U.S. stocks sputtered late in the session Thursday but still managed to close at a record high as traders were whipsawed by conflicting headlines on the progress of trade talks with China.
Early reports that the U.S. and China were prepared to exchange tariff rollbacks pushed the S&P 500 index higher throughout the day, but the rally lost some steam after Reuters said the plan was meeting resistance in the White House. White House economic adviser Larry Kudlow later told Bloomberg: "If there's a phase one trade deal, there are going to be tariff agreements and concessions."
Nearly four weeks after President Donald Trump said the two sides had reached an "agreement in principle," the White House and China continue to haggle over terms.
"Our understanding is the two sides are very close to an agreement," said Myron Brilliant, executive vice president for the U.S. Chamber of Commerce. "The timing is still to be determined."
Hopes for a mid-November signing, however, have been dashed and officials from the two countries are considering alternative options for a signing next month, if the deal is complete by then.

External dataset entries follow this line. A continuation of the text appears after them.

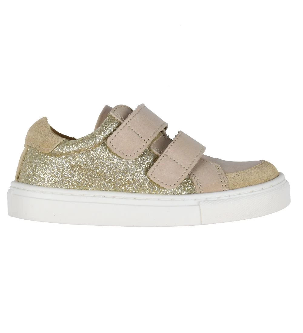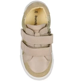 Yndige Bundgaard sko i rosa skind med ruskinds detaljer og guld glimmer på begge sider. På pløsen er “bundgaard” trykt ind i skindet.
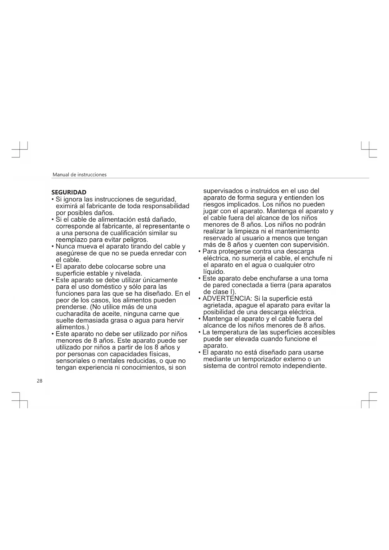- Este aparato no debe ser utilizado por niños menores de 8 años. Este aparato puede ser utilizado por niños a partir de los 8 años y por personas con capacidades físicas, sensoriales o mentales reducidas, o que no tengan experiencia ni conocimientos, si son supervisados o instruidos en el uso del aparato de forma segura y entienden los riesgos implicados. Los niños no pueden jugar con el aparato. Mantenga el aparato y el cable fuera del alcance de los niños menores de 8 años. Los niños no podrán realizar la limpieza ni el mantenimiento reservado al usuario a menos que tengan más de 8 años y cuenten con supervisión.
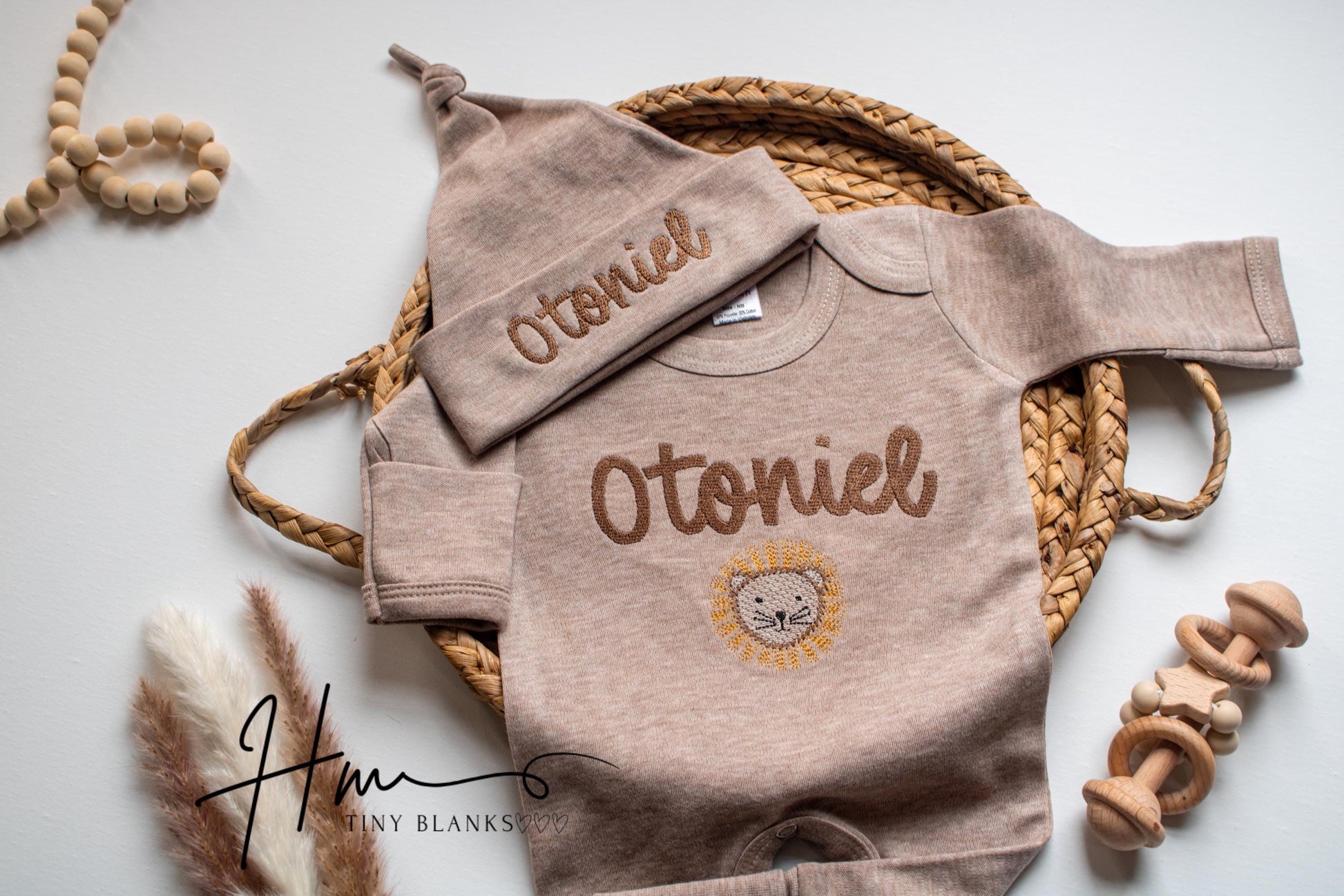 This sweet sleeper makes the perfect baby shower gift, hospital outfit, or coming home outfit. This features an ultra soft Heather Truffle romper with first name stitched in brown color as shown in all of the listing photos. You can also choose the matching knotted hat.
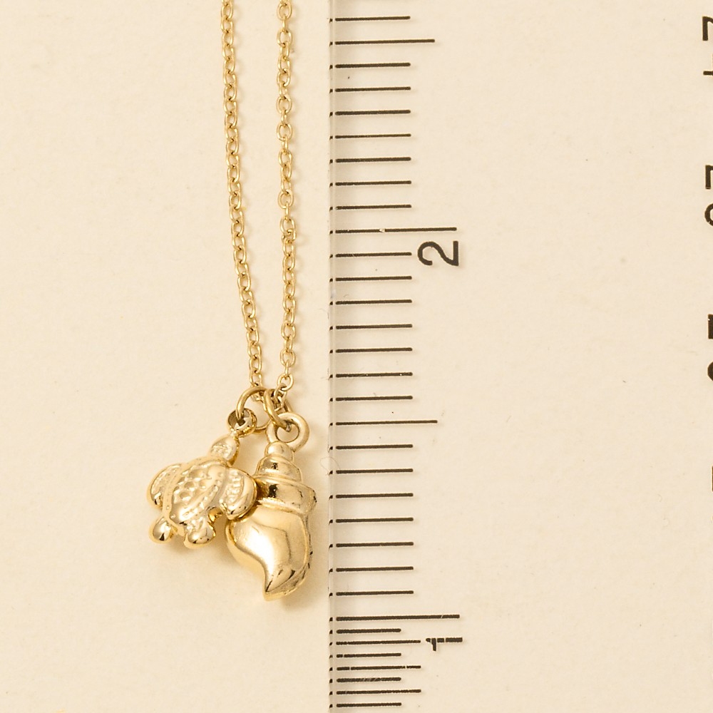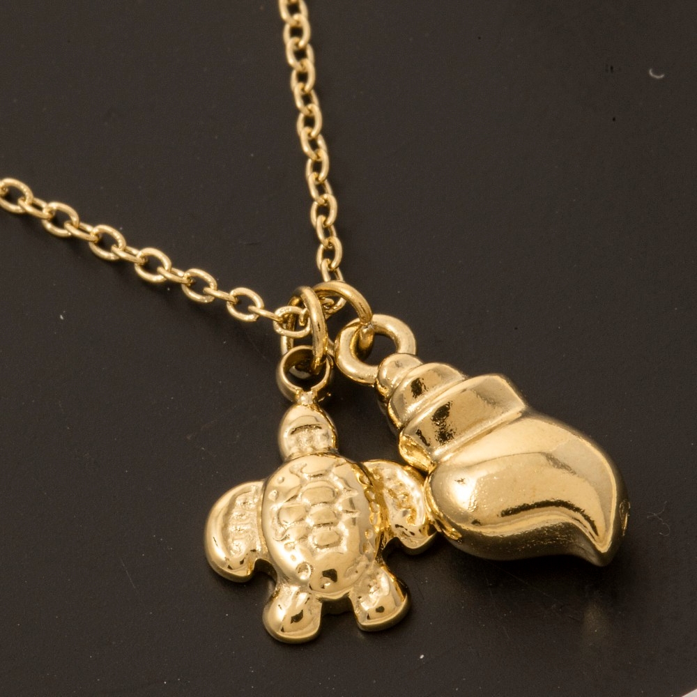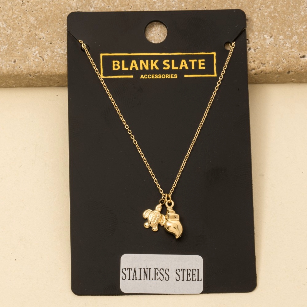 • This piece is a true showstopper, this necklace exudes a refined stainless steel sea shell and turtle pendant design. Embrace fashion flexibility with this versatile necklace, designed to effortlessly enhance the sophistication of any outfit. Available in G. This item is sold in packs of 1.

With the president scheduled to attend a North Atlantic Treaty Organization summit Dec. 3-4 in London, a European venue might make sense. Trump said Sunday that the signing would take place in the U.S., but Chinese officials have not agreed to that.
Before the Reuters report, haven assets from gold to sovereign bonds had been sinking — along with defensive stocks like real estate — as a risk-on mood gripped markets. Copper and crude jumped at least 2% before paring gains.

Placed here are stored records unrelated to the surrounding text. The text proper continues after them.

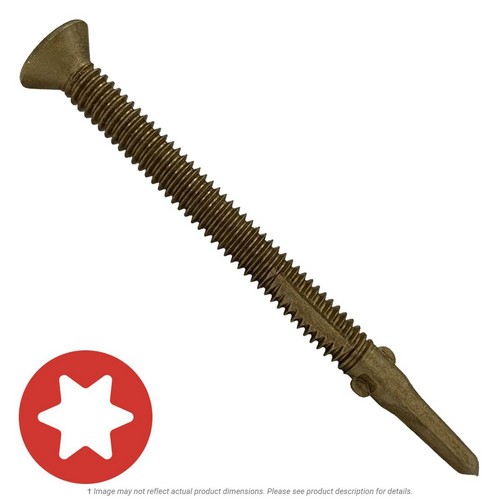 #12-24 x 2″ Ceramic Finish Flat Head Star Drive Winged Self-Drilling Wood to Metal Screw
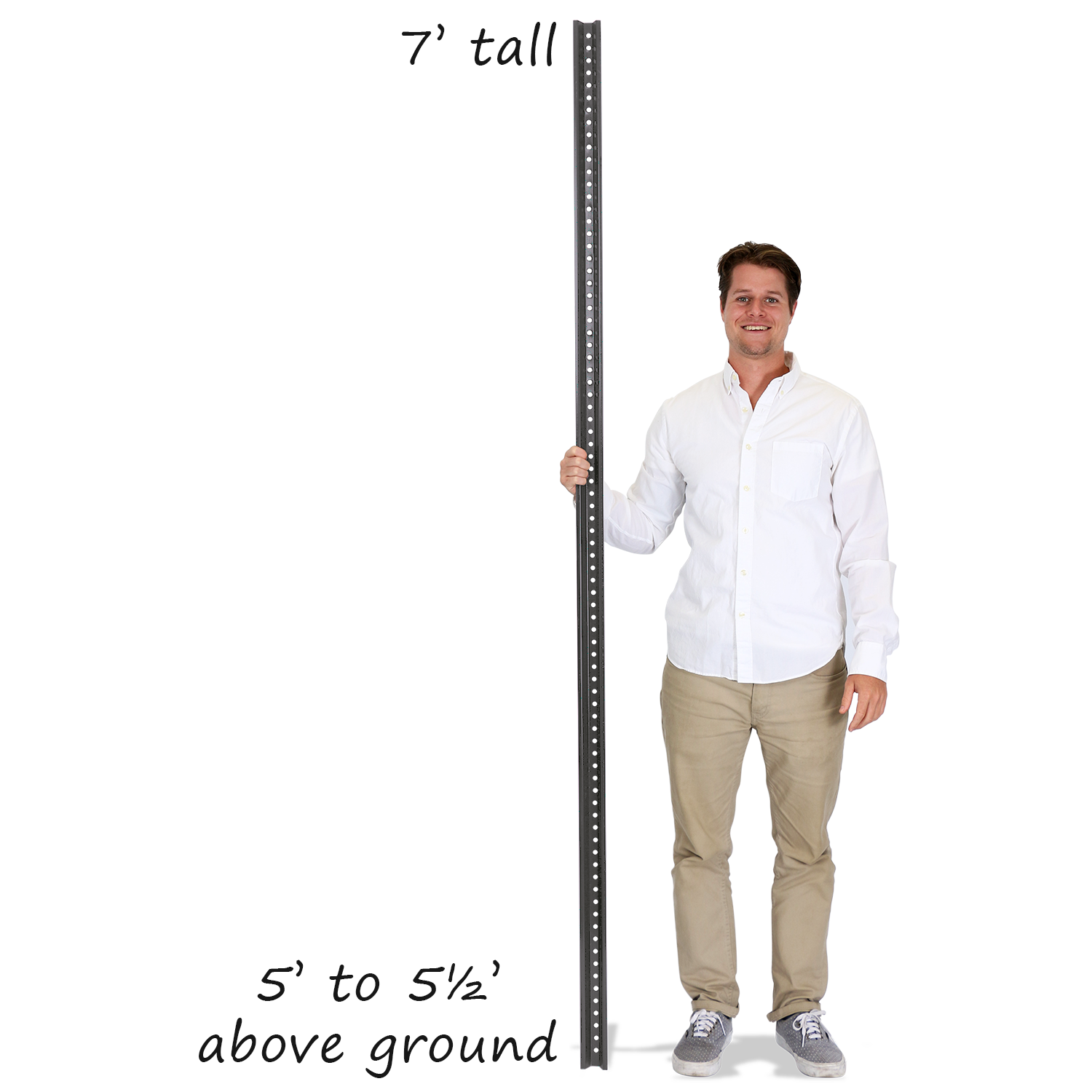 7' tall, black U-channel posts, coated in baked enamel for extra durability.
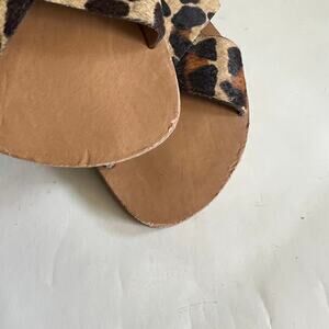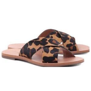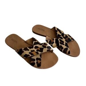 Anacapri Women's Animal Print Cross Strap Flat Slide Sandals 37 Brown Slip On k
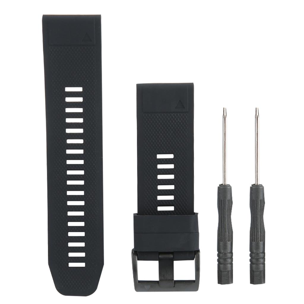 26mm Uhrenarmband Silikon Dornschließe Wasserdichtes Uhrenarmband Passend für Garmin fenix 5Xplus (Schwarz)
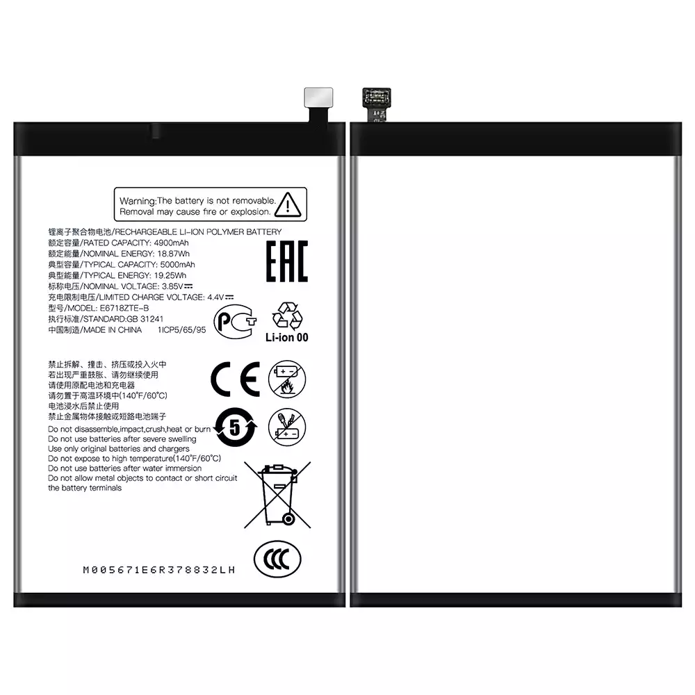 • 電池 E6718ZTE-B 適用於 ZTE BLADE A35/A55
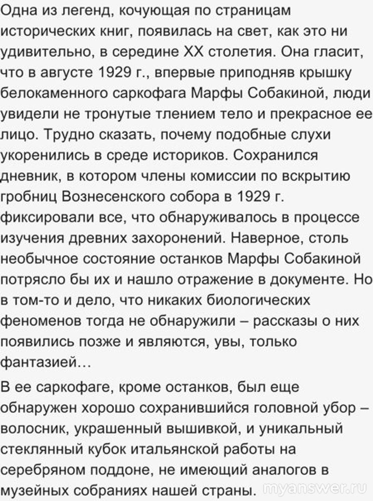 Тело третьей жены Ивана Грозного, пролежав в гробу 360 лет, не истлело, было только бледным.

Sovereign bonds plunged around the world on the earlier positive trade news, with the 30-year Treasury yield hitting its highest since August. Ten-year French and Belgian bond yields climbed back above 0% for the first time in months, while the German equivalent surged 10 basis points. Gold fell nearly $30 an ounce before recovering some of that loss, but it still hit a three-month low.
Risk appetite had been picking up as news of progress on trade helped counter earlier reports that a preliminary accord may not happen this month as the two sides continued to wrangle over a location to sign it. But the latest headlines have left traders to wait for the next bit of news.
"Until it gets signed, I think markets are going to stay cautious, which means you're not going to price in the best-case scenario," Chris Gaffney, president of world markets at TIAA, said by phone.
This report includes material from the Washington Post.